Always wanted this motion transfer tool (Activity: 1192): The post discusses a motion transfer tool that performs its function effectively but has room for improvement. The tool is expected to evolve by 2026. A linked tool, Motion Control, is mentioned, which requires input videos with minimal movement and a duration between 3-30 seconds. The bottom video in the post is identified as raw footage, suggesting a comparison between processed and unprocessed outputs. One commenter anticipates rapid advancements in the technology, suggesting it could become 'weird fast,' indicating potential for significant and possibly unexpected developments in motion transfer capabilities.
Video to video tools are getting insane every day, can't differentiate between real and fake anymore (Activity: 757): The post highlights the rapid advancement of video-to-video tools, which are becoming increasingly sophisticated to the point where distinguishing between real and fake videos is challenging.

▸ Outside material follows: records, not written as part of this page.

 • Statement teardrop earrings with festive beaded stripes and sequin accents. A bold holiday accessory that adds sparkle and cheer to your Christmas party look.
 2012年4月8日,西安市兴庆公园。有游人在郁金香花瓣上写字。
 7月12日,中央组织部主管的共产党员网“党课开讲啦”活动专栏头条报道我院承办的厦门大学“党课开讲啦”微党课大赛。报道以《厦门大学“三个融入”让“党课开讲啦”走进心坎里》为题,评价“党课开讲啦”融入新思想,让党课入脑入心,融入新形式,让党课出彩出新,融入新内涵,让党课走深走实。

This reflects significant progress in video synthesis technologies, likely leveraging advanced machine learning models such as GANs (Generative Adversarial Networks) to create highly realistic video content. The discussion suggests that these tools are now accessible to the public, raising questions about their prior use by government entities. Commenters express amazement at the realism of the generated videos and speculate about the potential long-term use of such technologies by governments before becoming publicly available. There is also interest in applying these tools to political figures, indicating a curiosity about the implications of such technology in media and politics.
- A user highlights a significant advancement in video-to-video tools, noting that the issue of generating images with '6 fingers' has been resolved. This suggests improvements in the model's ability to accurately render human anatomy, which has been a common challenge in AI-generated imagery.

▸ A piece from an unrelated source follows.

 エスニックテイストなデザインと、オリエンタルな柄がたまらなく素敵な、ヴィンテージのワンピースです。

- Another comment speculates on the potential long-term use of advanced video manipulation technologies by governments, implying that the public is only now gaining access to tools that may have been in use by more powerful entities for some time. This raises questions about the ethical and security implications of such technologies.
- The discussion touches on the realism of current video-to-video tools, with one user expressing disbelief at the quality, indicating that the line between real and fake content is becoming increasingly blurred. This points to the need for improved detection methods to differentiate between authentic and manipulated media.

3. AI in Popular Culture and Memes

The AGI talkshave gone silent for a while now. (Activity: 1558): The image is a meme that humorously critiques the current state of Artificial General Intelligence (AGI) development, particularly focusing on companies like OpenAI and Google. The comic suggests that despite the hype and discussions around AGI, there has been little visible progress or announcements recently. The comments reflect skepticism about the capability of current Large Language Models (LLMs) to achieve true AGI, noting that while LLMs have improved significantly since GPT-3.5, they still face fundamental limitations. The technology required for AGI might differ significantly from today's LLMs, which are primarily advanced chatbots. One commenter argues that no current LLM, including those from Google or OpenAI, will achieve true AGI due to inherent technological limitations. They suggest that the path to AGI will likely involve a different technological approach than current LLMs.
- Revolutionary_Click2 discusses the limitations of current LLMs, noting that while they have evolved significantly since GPT-3.5, they still fundamentally operate as chatbots. The commenter argues that achieving true AGI will require a different technological approach, as current LLMs are limited to mimicking human writing without genuine understanding or consciousness.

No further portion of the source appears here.